Tan pronto como terminó…
Los novatos de los alrededores gritaron al unísono: —¡Presidente!
¡Presidente!
¡Presidente!
—¿Qué talento voy a tener yo?
Luz se sintió impotente, pero no pudo evitar reírse también.
—¡Sí, claro!
Tang Yunxuan, con la boca todavía llena de ostra, habló de forma un poco ininteligible.
—¡Incluso intentaron hacerme cantar antes!
—O sea, ¿no es ridículo?
¡Si no sé cantar nada!
La expresión de Luz cambió en un instante.
Tang Yunxuan no estaba siendo humilde en absoluto; tenía un oído pésimo, sonaba como el lamento de una banshee.
¡El canto del Viejo Tang era apodado Calamidad Dragón de Nivel!
—¿Lo hiciste?
El tono de Luz se volvió inusualmente grave.
—¡Todavía no!
—Dijeron que, si subes y muestras un talento, no me obligarán a cantar.
Cuando Tang Yunxuan terminó…
Fiu…
Luz se levantó de un salto.
Tan rápido que casi produjo un sonido al cortar el aire.
«¿?»
Yin Yao se quedó estupefacta.
—¡Maldición!
Tang Yunxuan se quedó paralizado y luego alcanzó rápidamente el paso de Luz.

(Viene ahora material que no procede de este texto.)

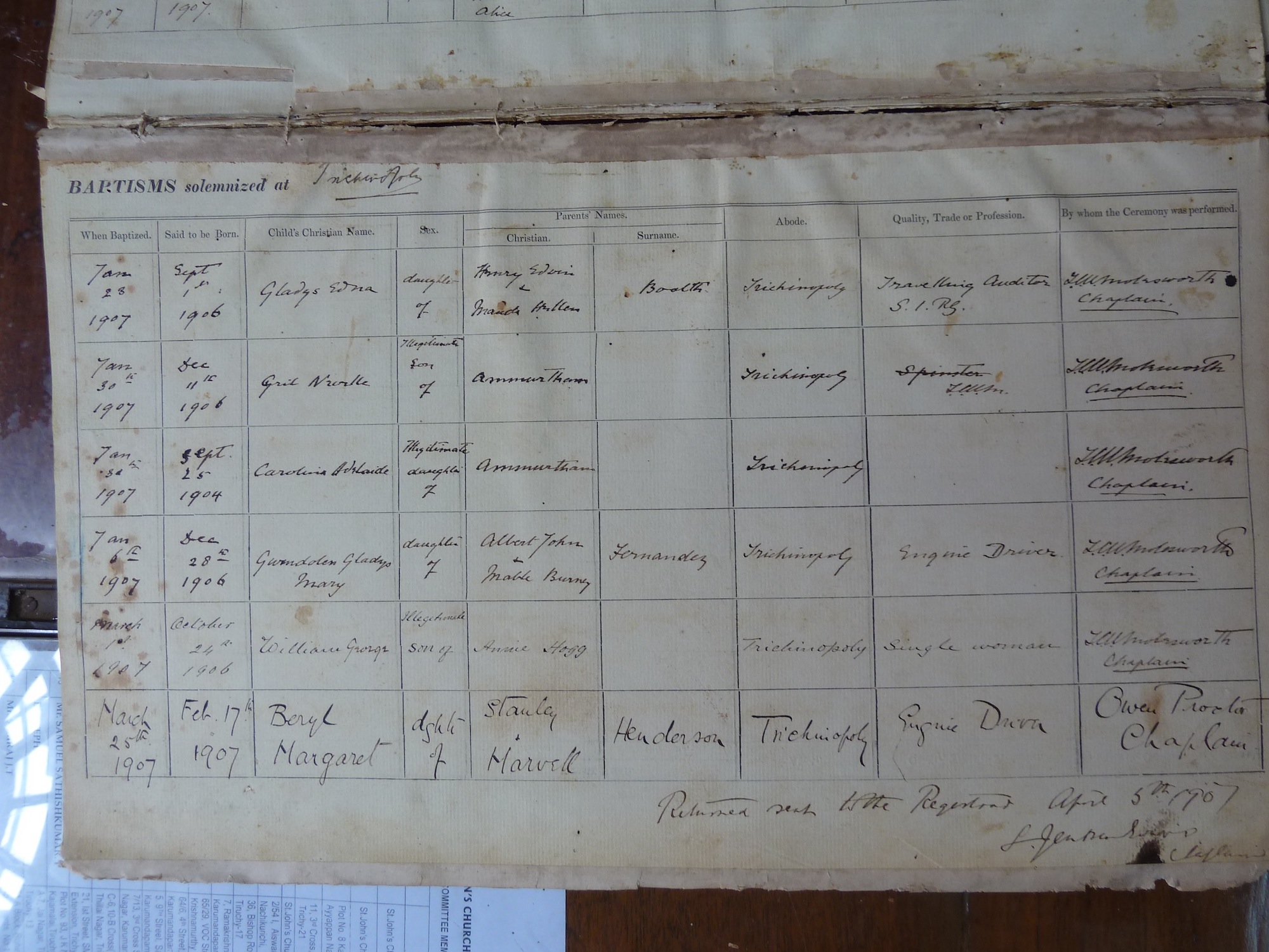 St Johns Church Trichinopoly - Baptismal Registers
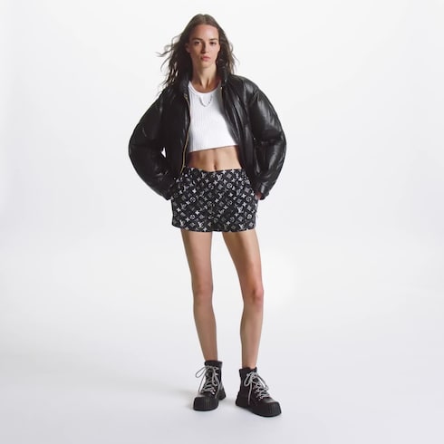 Diese legeren Shorts kombinieren eine sportive Note mit einer saisonalen Louis Vuitton Signatur. Das aus einem technischen Gewebe gefertigte Modell trägt das Monogram-Motiv mit dem Schabloneneffekt dieser Kollektion. Zu den Details gehören ein elastischer Taillenbund, ein Hakenverschluss und zwei Reißverschlusstaschen an den Seiten.
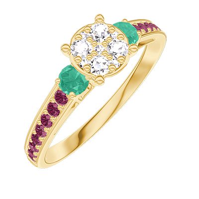 « L'ATELIER » Nº210290Bague Or jaune 9 carats - Cluster de diamants naturels Rond équivalent 0.7 - Pierres de côté Émeraude - Sertissage Rubis 5 (6)

—¡Eso es discriminación, discriminación contra el Viejo Tang!
—No creo que mi canto sea TAN malo…
—Viejo Yu, Viejo Yu, ¿qué talento vas a mostrar?
Luz no miró hacia atrás.
—Trucos de magia.
Ante eso…
Tang Yunxuan se quedó totalmente desconcertado, rascándose la cabeza donde estaba.
—¿Magia?
—Nunca te oí mencionar que supieras hacer magia…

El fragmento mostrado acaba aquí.